Là encore, partons d'un cas concret, celui de Google. Nous savons que cette entreprise est - comme Microsoft - en position dominante sur les moteurs de recherche, qu'elle a multiplié les acquisitions ces dernières années (dont celle de You Tube).
Mais que produit Google ?
A priori, la question parait simpliste: Google produit un service marchand (voir épisode 1 et 2) qui est celui du traitement de l'information avec un moteur de recherche sur le web.
La réalité est un peu plus complexe: Google propose de multiples services:
News : Alertes Google, Google News, Google Finance
Blogs et RSS : Blogger, Feedburner, Google Reader
Analyse de trafic : Google Analytics, Trends, Zeitgeist, Site Maps
Bureautique : Gmail, Docs & Spreadsheet, Calendar, Writely, Desktop, Greenborder
E-commerce : Google Checkout, Base, Froogle
Téléphonie : Dodgeball, Google Phone (en préparation), GTalk, services mobiles
Audiovisuel : Google Video, YouTube, Google Images, Picasa
Cartographie : Google Earth, Google Maps, Sketchup, Mars, Panoramio.
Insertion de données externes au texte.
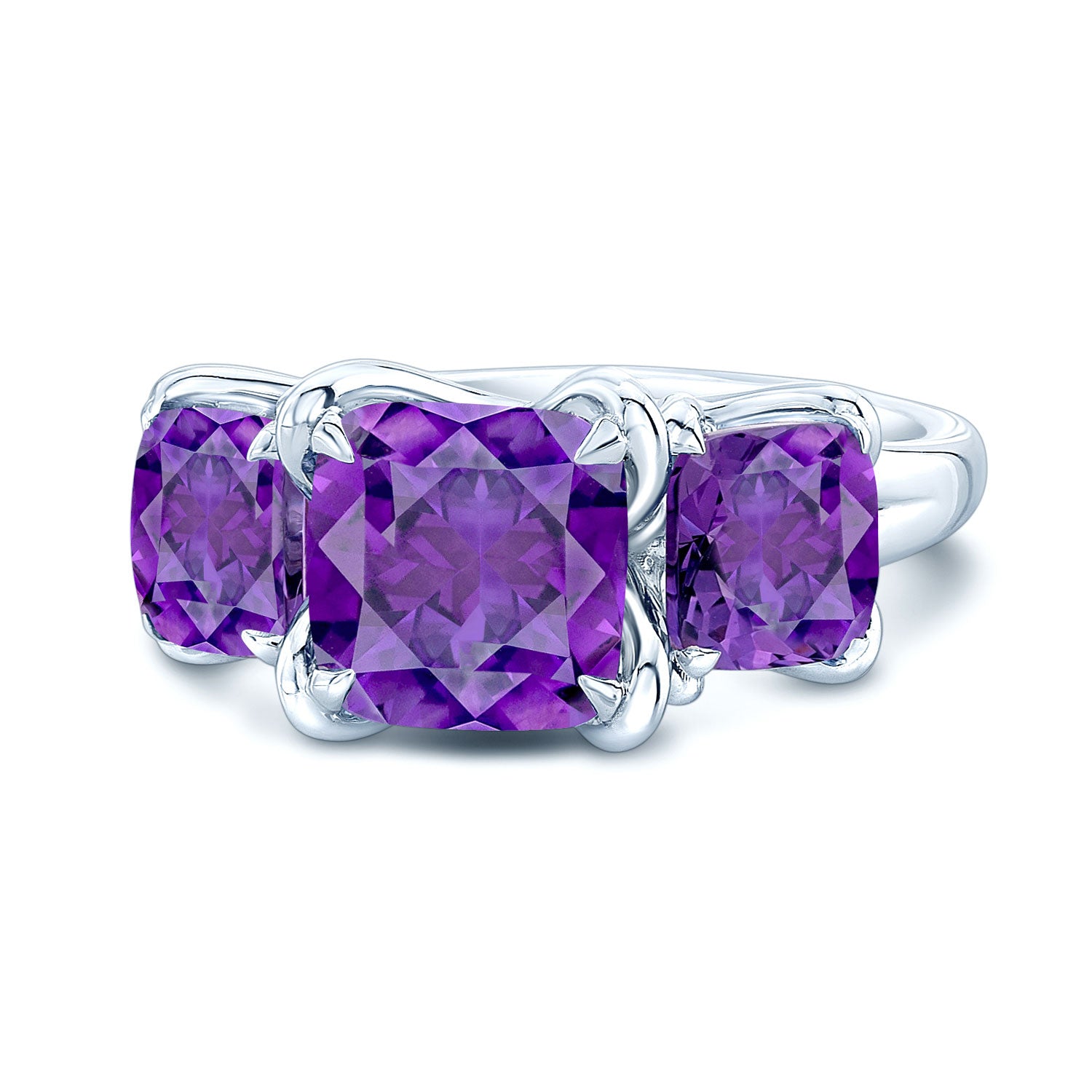 14k White Gold 3-stone Amethyst Ring With 1 Cushion Cut 8mm And 2 Cushion Cut 6mm Amethyst
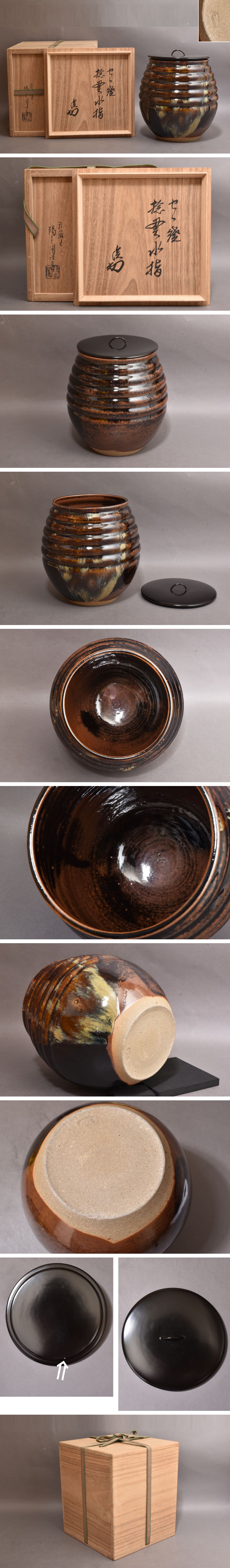 4432 淡海ぜぜ 捻貫水指 淡々斎書付 膳所焼 陽炎園 共箱
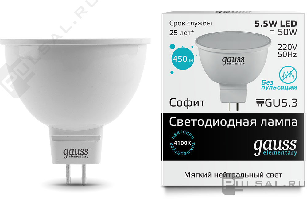 Лампа светодиодная Elementary, цоколь - GU5.3, мощность - 5.5Вт, световой поток - 450Лм, цветовая температура - 4100К, не диммируется, 13526, Gauss
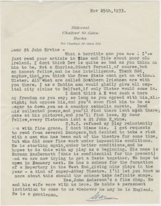 Letter from Sean O’Casey to St. John Ervine, November 25, 1933.
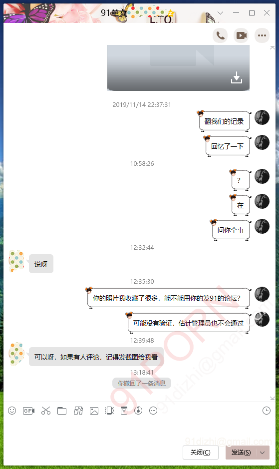 下面是征求她同意的截图,本来以为没验证,我查看收藏的时候发现,她有自己拍的91字样视频。
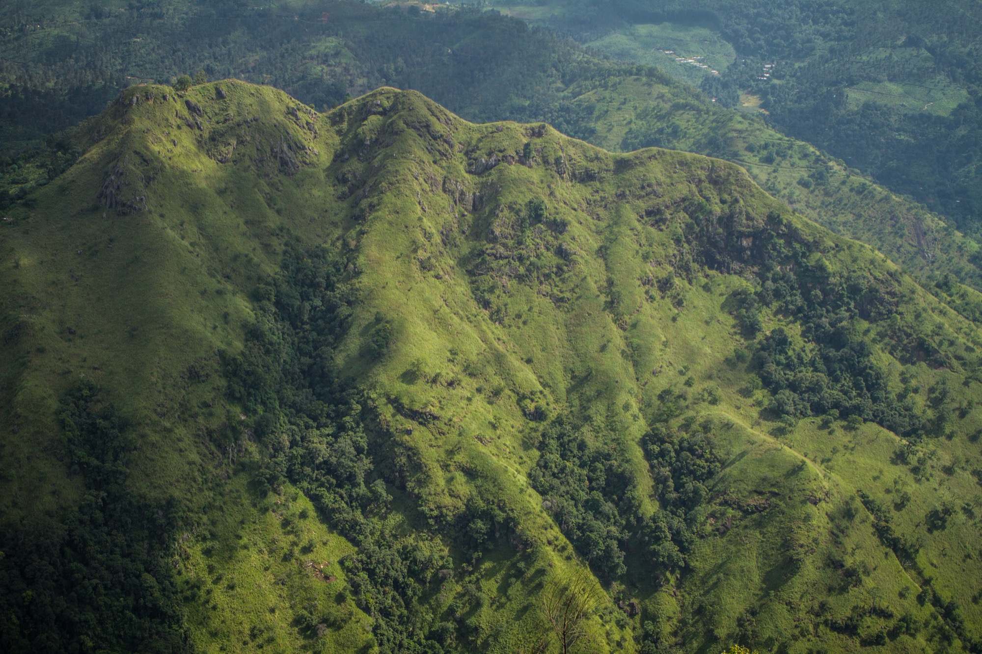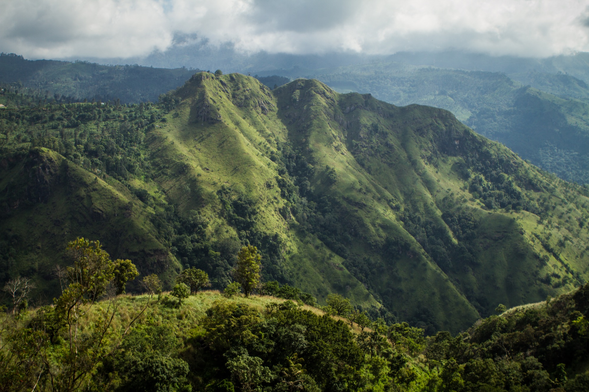 Après une nouvelle session à grimper au milieu des arbres, le premier point de vue est atteint. On découvre la vallée encaissée au sommet de laquelle Ella s’établit et surtout, le Little Adam’s Peak est pile en face ! Le fait est que l’Adam Rock est plus grand, bien plus grand, mais on y reviendra.

Il ne s'agit pas de diaboliser Google (cf Big Brother Google is watching you), mais de tenter de comprendre quelques éléments de sa stratégie face au marché.
Premier élément d'analyse, ces services permettent d'assurer les fameuses externalités de réseau en créant une convergence numérique des biens de contenus à partir de la plateforme élaborée par Google. Il n'y a là rien de bien nouveau, d'autres entreprises industrielles ont déjà réalisé des opérations de concentration dans cette optique.
Deuxième niveau d'analyse : ces services sont fournis gratuitement peuvent aussi être des produits d'appels pour gagner des utilisateurs et donc générer une audience permettant de justifier les espaces publicitaires. Pour le moment, Google n'est pas en position dominante dans toutes les activités du web (voirce graphique sur Media & Tech) , même sur le marché de la publicité on line. Mais dans certains secteurs, la position de Google est très importante. Voici les parts de marché sur les moteurs de recherche en 2006 source:webrank info
et sur les agrégateurs de flux RSS (source:Fred Cavazza)
Ces services sont distribués en dessous de leur coût (puisqu'ils sont fournis gratuitement), ce qui est aussi une stratégie qui vise à éliminer la concurrence. Pourtant, Google ne peut pas être un concurrent de Microsoft (avec sa suite office) sur le marché des suites logicielles puisqu'il ne cherche pas à y dégager des profits (contrairement à Microsoft). C'est donc que l'enjeu économique n'est pas là. Ce qui est visé par Google, c'est bien le contrôle de l'accès aux contenus informationnels.